TASK DIRECTIONS:
Would you please restate all of the entries exactly, apart from the pictures?

RECORDS TO USE:
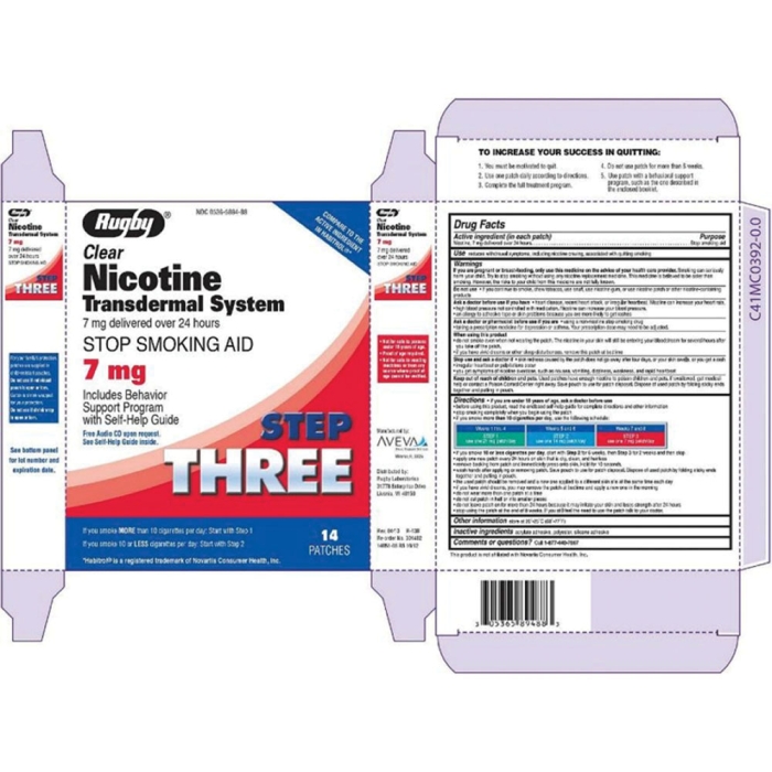 Rugby® Nicotine, Patch, 7 mg, 14 CT, Storage Temperature: 68 to 77 deg F, Directions: If you are under 18 years of age, ask a doctor before use before using this product, read the enclosed self-help guide for complete directions and other information stop smoking completely when you begin using the patch. Apply one new patch every 24 hr on skin that is dry, clean and hairless. Remove backing from patch and immediately press onto skin. Hold for 10 s. Wash hands after applying or removing patch. Save pouch to use for patch disposal. Dispose of used patch by folding sticky ends together and putting in pouch. The used patch should be removed and a new one applied to a different skin site at the same time each day. If you have vivid dreams, you may remove the patch at bedtime and apply a new one in the morning. Do not wear more than one patch at a time. Do not cut patch in half or into smaller pieces. Do not leave patch on for more than 24 hr because it may irritate your skin and loses strength after 24 hr. Stop using the patch at the end of 8 week. If you still feel the need to use the patch talk to your doctor, Warning: If you are pregnant or breastfeeding, only use this medicine on the advice of your health care provider. Smoking can seriously harm your child. Try to stop smoking without using any nicotine replacement medicine. This medicine is believed to be safer than smoking. However, the risks to your child from this medicine are not fully known. Do not use If you continue to smoke, chew tobacco, use snuff, use nicotine gum or use nicotine patch or other nicotine-containing products. Ask a doctor before use if you have heart disease, recent heart attack or irregular heartbeat. Nicotine can increase your heart rate. High blood pressure not controlled with medication. Nicotine can increase your blood pressure. An allergy to adhesive tape or skin problems because you are more likely to get rashes. Ask a doctor or pharmacist before use if you are using a non-nicotine stop smoking drug. Taking a prescription medicine for depression or asthma. Your prescription dose may need to be adjusted. When using this product do not smoke even when not wearing the patch. The nicotine in your skin will still be entering your bloodstream for several hours after you take off the patch. If you have vivid dreams or other sleep disturbances, remove this patch at bedtime. Stop use and ask a doctor if skin redness caused by the patch does not go away after four days or your skin swells or you get a rash Irregular heartbeat or palpitations occur. You get symptoms of nicotine overdose, such as nausea, vomiting, dizziness, weakness and rapid heartbeat keep out of reach of children and pets. Used patches have enough nicotine to poison children and pets. If swallowed, get medical help or contact a Poison Control Center right away. Save pouch to use for patch disposal. Dispose of used patch by folding sticky ends together and putting in pouch
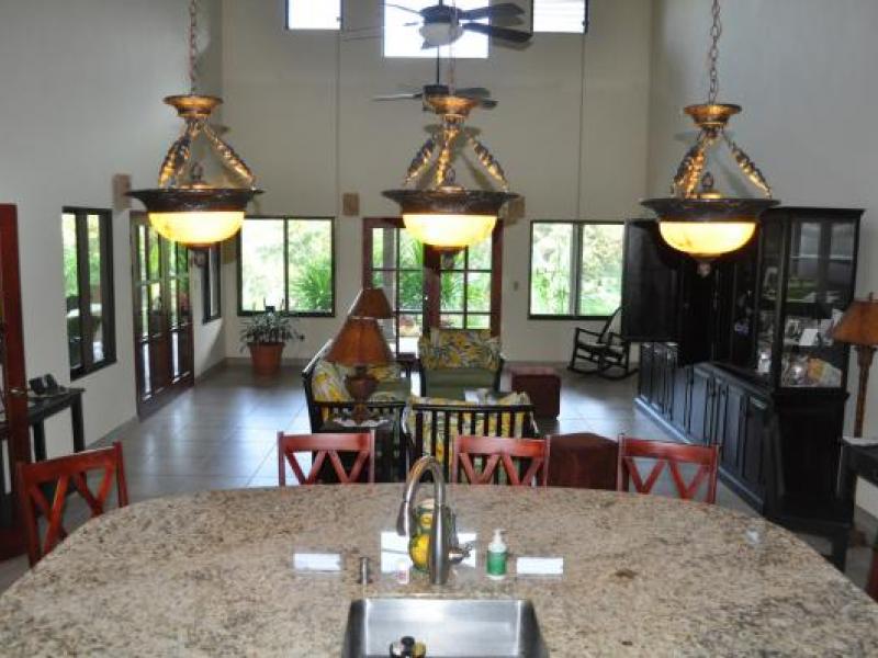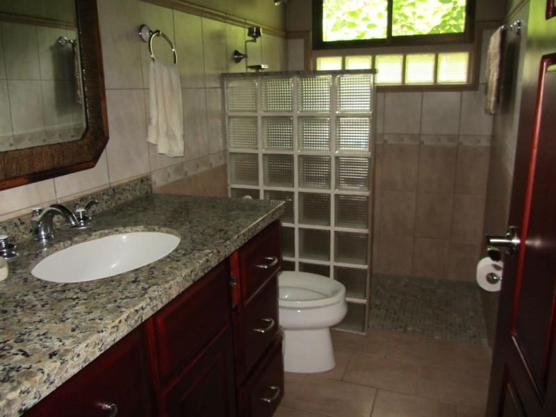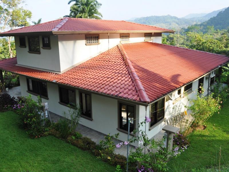 A five minute ride on a bumpy road brings you to iron gates with cornerstones that are topped with “pineapples”. This is truly a private haven that overflows with nature, everything from exotic birds to monkeys. The property is comprised of three separate parcels of land totaling 4.82 hectares (11.9 acres) that is surrounded by water called Quebradas or running streams. The length of the properties faces the Diamante Waterfalls and the terrain is overflowing with many different types of fruit and other edibles. There is a virgin rainforest at the top of the property that is backed by a preserve. There is ample room on each of the three parcels to build additional homes.
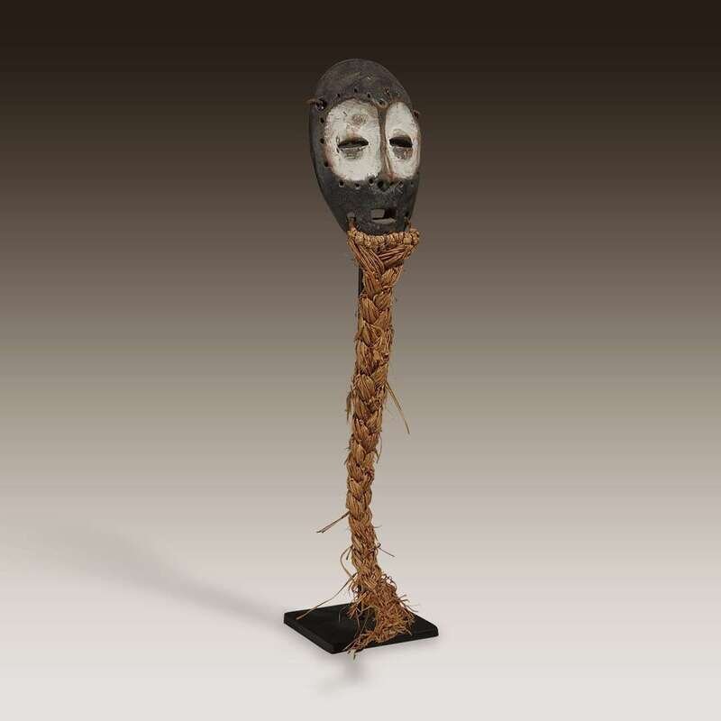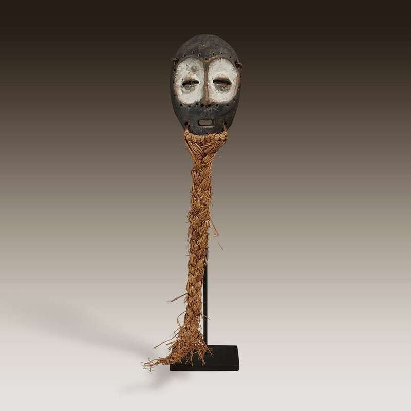 Carved wood and raffia, carved wood and plant fiber, with slit eyes, long nose and an open mouth, the mid-section colored with kaolin, a beard of plant fibers hanging below, raised on a bespoke mount.
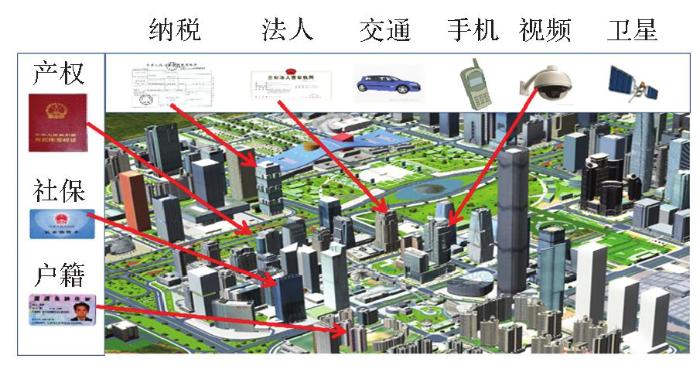 (1)智慧城市。基于大数据、云计算、物联网、BIM技术等,Space-oriented GIS能够通过融合基础地理信息数据、全空间三维模型数据等城市基础时空数据(图6),政务、土地、小区、建筑、房屋、自然人、法人、交通等城市实体数据,物联网感知数据、互联网开放数据等城市运行状态数据,以及基础管理对象、行业管理对象等城市管理对象数据,生成具有统一时空基准、实体相互关联、属性状态协同更新的数字化平台,实现空间对象的实景化、精细化、协同化、动态化表示与全生命周期管理,为城市智慧规划、智慧交通、智慧城管、智慧政务、智慧社区等提供一体化支撑,服务于户政、交通、治安等城市治理的多元化需求。
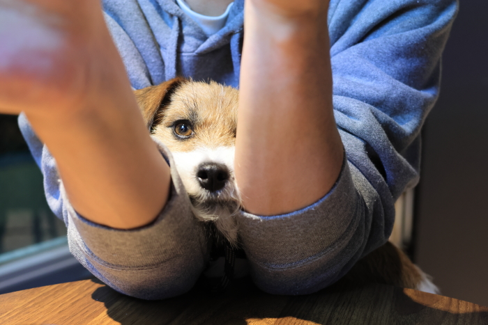 ルル、腕で挟んでる。
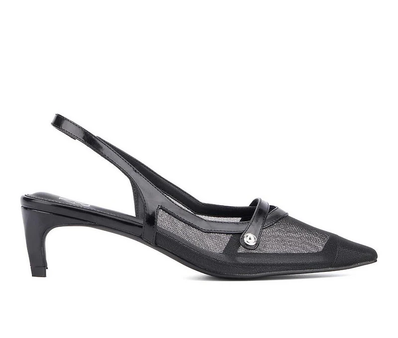 Women's New York and Company Kristie Slingback Pumps The Kristie kitten heel is a delicate fusion of grace and sophistication. Crafted with airy mesh fabric, this exquisite shoe showcases a sleek pointy toe silhouette, exuding effortless charm. With a modest kitten heel for added elegance, this stylish mesh kitten heel is the epitome of understated beauty, perfect for any occasion.
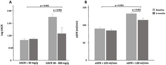 (A): Changes in urinary albumin-to-creatine ratio (UACR) between baseline and 6 months according to UACR baseline status. (B): Changes in estimated glomerular filtration rate (eGFR) between baseline and 6 months according to eGFR baseline status.
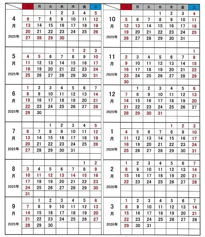 ※作業の都合上、休日を振り替える場合があります。ご理解ご協力のほどお願いいたします。
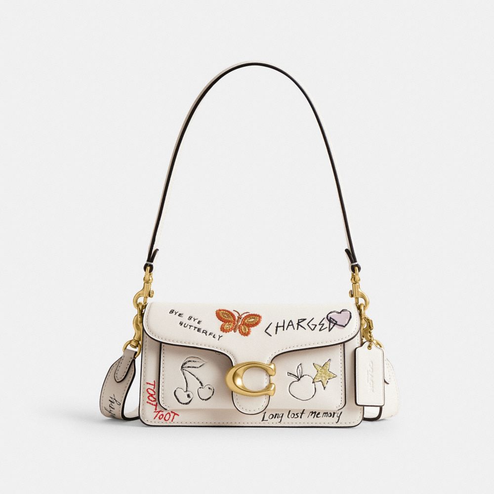 A modern take on an archival 1970s Coach design, our structured Tabby shoulder bag is crafted of buttery soft glovetanned leather featuring our Coach Sketch print, a playful doodle motif of whimsical drawings and phrases inspired by artistic notebook scribbling. Smaller than the 26, the petite 20 features two detachable straps to carry by hand, style as a short shoulder bag or wear crossbody. It’s finished with our Signature hardware for an iconic touch.
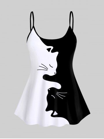 k*****l5Cat Print Two Tone Padded Tankini Top and Boyshorts Modest Tankini SwimsuitColor: BLACKSuper cute! I wasn’t expecting it to fit and it dies. It’s a bit tight but I went small as I’m losing weight from bypass surgery.
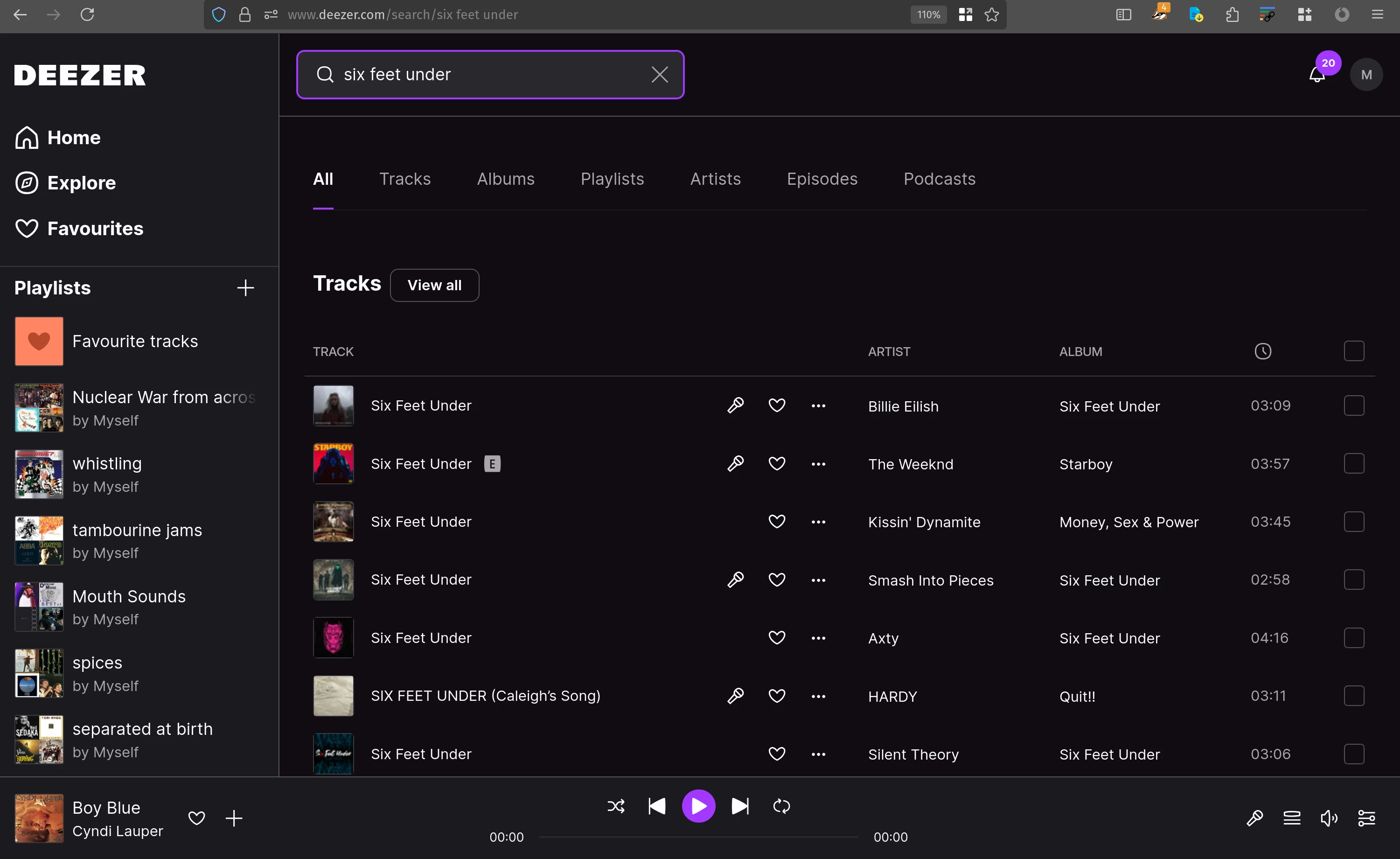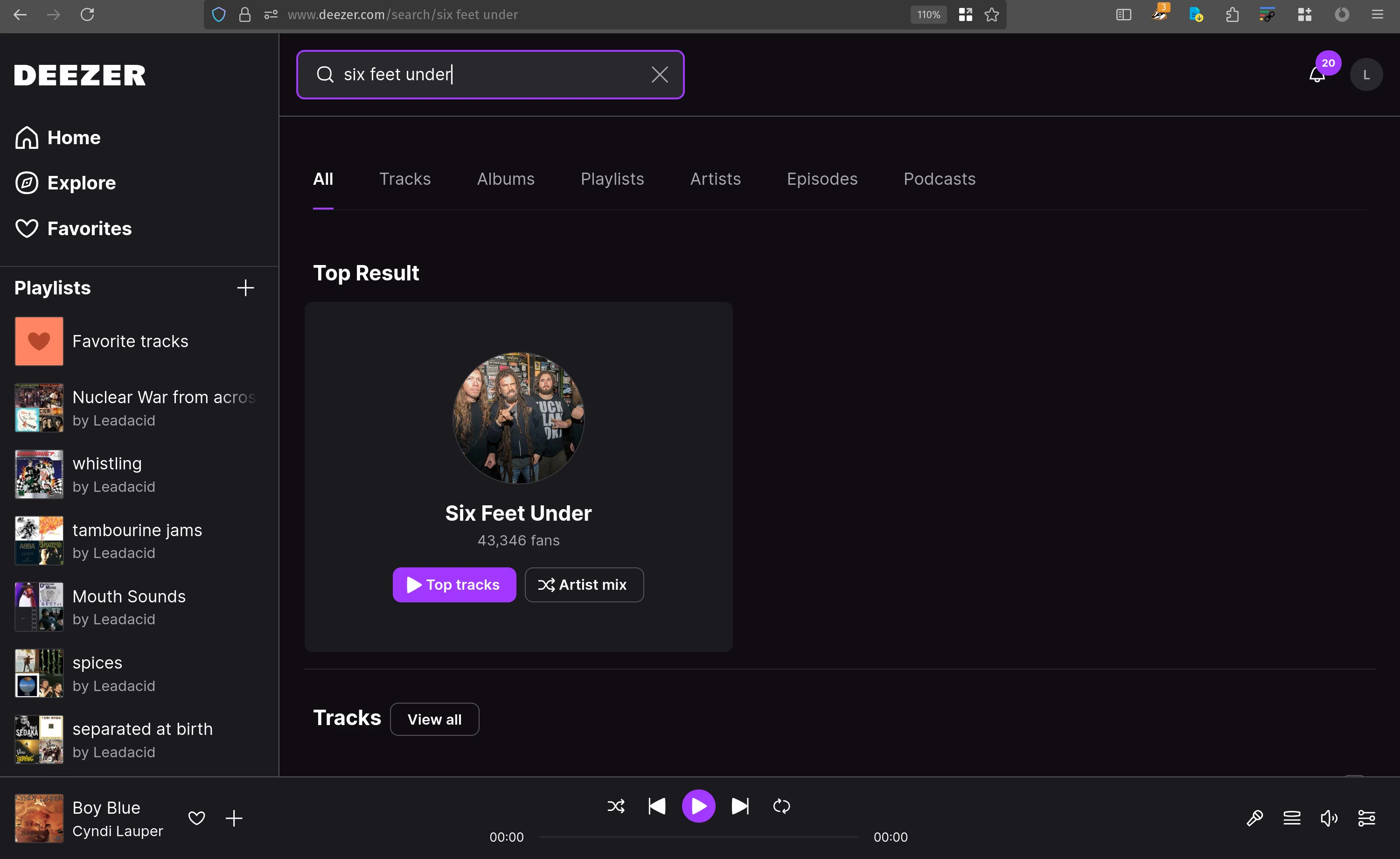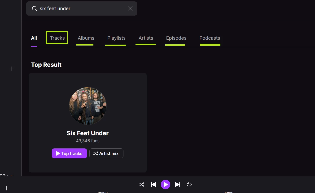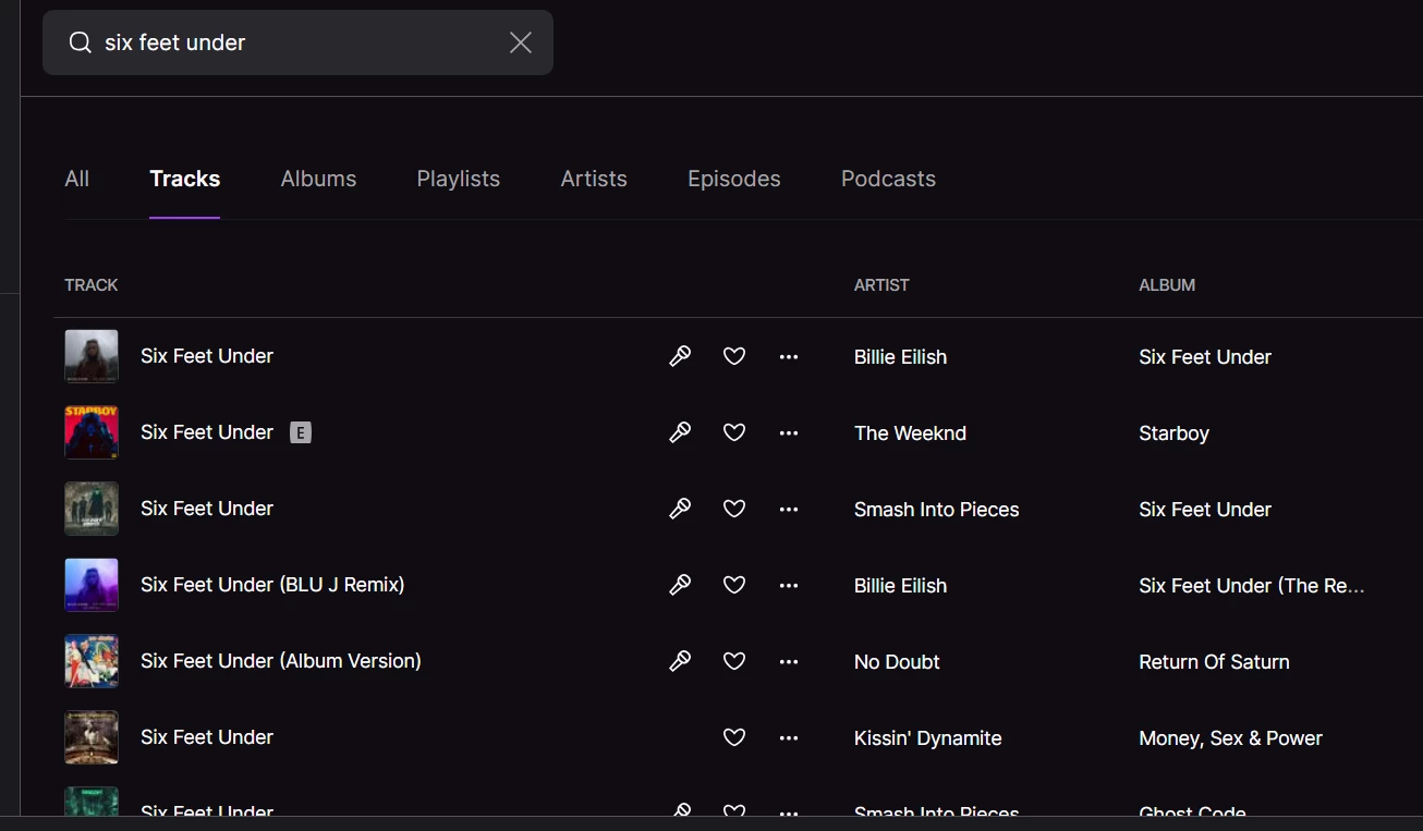 Okay, screenshot! Here’s a case where a song I was looking for shares a name with a band, and the band now takes over the entire screen and I can’t even see the Tracks section without scrolling down.

RESULT OF THE EXERCISE:
 Rugby® Nicotine, Patch, 7 mg, 14 CT, Storage Temperature: 68 to 77 deg F, Directions: If you are under 18 years of age, ask a doctor before use before using this product, read the enclosed self-help guide for complete directions and other information stop smoking completely when you begin using the patch. Apply one new patch every 24 hr on skin that is dry, clean and hairless. Remove backing from patch and immediately press onto skin. Hold for 10 s. Wash hands after applying or removing patch. Save pouch to use for patch disposal. Dispose of used patch by folding sticky ends together and putting in pouch. The used patch should be removed and a new one applied to a different skin site at the same time each day. If you have vivid dreams, you may remove the patch at bedtime and apply a new one in the morning. Do not wear more than one patch at a time. Do not cut patch in half or into smaller pieces. Do not leave patch on for more than 24 hr because it may irritate your skin and loses strength after 24 hr. Stop using the patch at the end of 8 week. If you still feel the need to use the patch talk to your doctor, Warning: If you are pregnant or breastfeeding, only use this medicine on the advice of your health care provider. Smoking can seriously harm your child. Try to stop smoking without using any nicotine replacement medicine. This medicine is believed to be safer than smoking. However, the risks to your child from this medicine are not fully known. Do not use If you continue to smoke, chew tobacco, use snuff, use nicotine gum or use nicotine patch or other nicotine-containing products. Ask a doctor before use if you have heart disease, recent heart attack or irregular heartbeat. Nicotine can increase your heart rate. High blood pressure not controlled with medication. Nicotine can increase your blood pressure. An allergy to adhesive tape or skin problems because you are more likely to get rashes. Ask a doctor or pharmacist before use if you are using a non-nicotine stop smoking drug. Taking a prescription medicine for depression or asthma. Your prescription dose may need to be adjusted. When using this product do not smoke even when not wearing the patch. The nicotine in your skin will still be entering your bloodstream for several hours after you take off the patch. If you have vivid dreams or other sleep disturbances, remove this patch at bedtime. Stop use and ask a doctor if skin redness caused by the patch does not go away after four days or your skin swells or you get a rash Irregular heartbeat or palpitations occur. You get symptoms of nicotine overdose, such as nausea, vomiting, dizziness, weakness and rapid heartbeat keep out of reach of children and pets. Used patches have enough nicotine to poison children and pets. If swallowed, get medical help or contact a Poison Control Center right away. Save pouch to use for patch disposal. Dispose of used patch by folding sticky ends together and putting in pouch
 A five minute ride on a bumpy road brings you to iron gates with cornerstones that are topped with “pineapples”. This is truly a private haven that overflows with nature, everything from exotic birds to monkeys. The property is comprised of three separate parcels of land totaling 4.82 hectares (11.9 acres) that is surrounded by water called Quebradas or running streams. The length of the properties faces the Diamante Waterfalls and the terrain is overflowing with many different types of fruit and other edibles. There is a virgin rainforest at the top of the property that is backed by a preserve. There is ample room on each of the three parcels to build additional homes.
 Carved wood and raffia, carved wood and plant fiber, with slit eyes, long nose and an open mouth, the mid-section colored with kaolin, a beard of plant fibers hanging below, raised on a bespoke mount.
 (1)智慧城市。基于大数据、云计算、物联网、BIM技术等,Space-oriented GIS能够通过融合基础地理信息数据、全空间三维模型数据等城市基础时空数据(图6),政务、土地、小区、建筑、房屋、自然人、法人、交通等城市实体数据,物联网感知数据、互联网开放数据等城市运行状态数据,以及基础管理对象、行业管理对象等城市管理对象数据,生成具有统一时空基准、实体相互关联、属性状态协同更新的数字化平台,实现空间对象的实景化、精细化、协同化、动态化表示与全生命周期管理,为城市智慧规划、智慧交通、智慧城管、智慧政务、智慧社区等提供一体化支撑,服务于户政、交通、治安等城市治理的多元化需求。
 ルル、腕で挟んでる。
 Women's New York and Company Kristie Slingback Pumps The Kristie kitten heel is a delicate fusion of grace and sophistication. Crafted with airy mesh fabric, this exquisite shoe showcases a sleek pointy toe silhouette, exuding effortless charm. With a modest kitten heel for added elegance, this stylish mesh kitten heel is the epitome of understated beauty, perfect for any occasion.
 (A): Changes in urinary albumin-to-creatine ratio (UACR) between baseline and 6 months according to UACR baseline status. (B): Changes in estimated glomerular filtration rate (eGFR) between baseline and 6 months according to eGFR baseline status.
 ※作業の都合上、休日を振り替える場合があります。ご理解ご協力のほどお願いいたします。
 A modern take on an archival 1970s Coach design, our structured Tabby shoulder bag is crafted of buttery soft glovetanned leather featuring our Coach Sketch print, a playful doodle motif of whimsical drawings and phrases inspired by artistic notebook scribbling. Smaller than the 26, the petite 20 features two detachable straps to carry by hand, style as a short shoulder bag or wear crossbody. It’s finished with our Signature hardware for an iconic touch.
 k*****l5Cat Print Two Tone Padded Tankini Top and Boyshorts Modest Tankini SwimsuitColor: BLACKSuper cute! I wasn’t expecting it to fit and it dies. It’s a bit tight but I went small as I’m losing weight from bypass surgery.
 Okay, screenshot! Here’s a case where a song I was looking for shares a name with a band, and the band now takes over the entire screen and I can’t even see the Tracks section without scrolling down.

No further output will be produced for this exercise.